To apply power to the 7442, close DIP-switches 7 and 8 in Block 6 (closing a switch means bringing it in the position where the little knob is aligned with the number "1" painted on the switch). (Note: A Dip switch is a "Dual In Line" switch, that is a series of miniature switches that have the same footprint as a regular integrated circuit.)

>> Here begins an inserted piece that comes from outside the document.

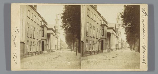 Curator: Ah, yes, this is "Koningsbrug in Rotterdam," a gelatin-silver print attributed to Pieter Oosterhuis, taken sometime after 1860. It resides here at the Rijksmuseum. What are your first thoughts? Editor: Austerity. An echo of neoclassical rigor, bleached and softened. That endless cobblestone street almost feels… melancholy. Curator: Interestingly, this melancholy you speak of may have been captured with the aid of albumen—egg whites were historically used in coating the photographic paper. Beyond the fascinating chemical process, I find this photo so evocative because it feels like stepping back in time. The light, the textures... Rotterdam as it once was. Editor: Rotterdam's story is often told through its reconstruction, but here, it's captured right before a massive reshaping, a literal paving over. The heavy masonry, those symmetrical sentry boxes... everything screams empire, capital, industry on the rise. Curator: True, the photograph definitely captures that spirit of ambition and burgeoning industrialization. The Koningsbrug, as the focal point, isn’t just a bridge, but also a symbol of connection and progress. Editor: But for whom was all this progress? That's what the stark contrast between the grandeur of the bridge and the anonymous figures walking it makes me wonder. Whose labor built this city? Where are the docks, the trade—all the bustle that must have existed just beyond the frame? The visible infrastructure always relies upon what goes unacknowledged. Curator: I hear your point. Maybe that’s where its staying power resides— the question of who benefits, which remains timeless. You notice how crisp everything appears in spite of its age? Oosterhuis clearly demonstrates a mastery of the photographic process. Editor: Agreed, the sharpness is startling. Yet I wonder if that crispness is, itself, a way of sanitizing a messier, more socially complex reality. Photography then—as now—selected and framed narratives about progress and public works. The question becomes, who controls the lens? Curator: Perhaps the most powerful question we can ask of any artwork, isn’t it? Thank you, I find that reframing deeply helpful. Editor: My pleasure. Every photo is more than the sum of its chemicals, it seems.

Turn the Kit power back ON. Activate the data switches and record the variation of the output LEDs in a table
| D | C | B | A | L13 | L12 | L11 | L10 | L9 | L8 | L7 | L6 | L5 | L4 |
Challenge of the Day, #1
Use a 74LS42 to implement a 3-to-8 decoder with enable and active-low outputs.
Challenge of the Day, #2
Use a 74LS42 to implement a majority voter of 3 input signals. You can only use one extra chip, in addition to the 74LS42!
Homework Assignment
This assignment is due on Thursday morning, after Rally Day, at 10:30 a.m. (office, or mailbox).
Exercise 1
Assume that we have a boolean function f(a, b, c, d) = Σ( 5, 7, 15 ).
What is its minimal form, as given by a Karnaugh map?
Assume furthermore we know that the the signals a and b are never both equal to 1 at the same time, and that c and d are never both equal to 00 at the same time. So, for example, the signals a, b, c, d will never be in the state 1 1 0 1, because that would require a, and b to be 1. Similarly, the condition a = 0, b=1, c=0, d=0 will never occur either, because c and d are 0 in this case.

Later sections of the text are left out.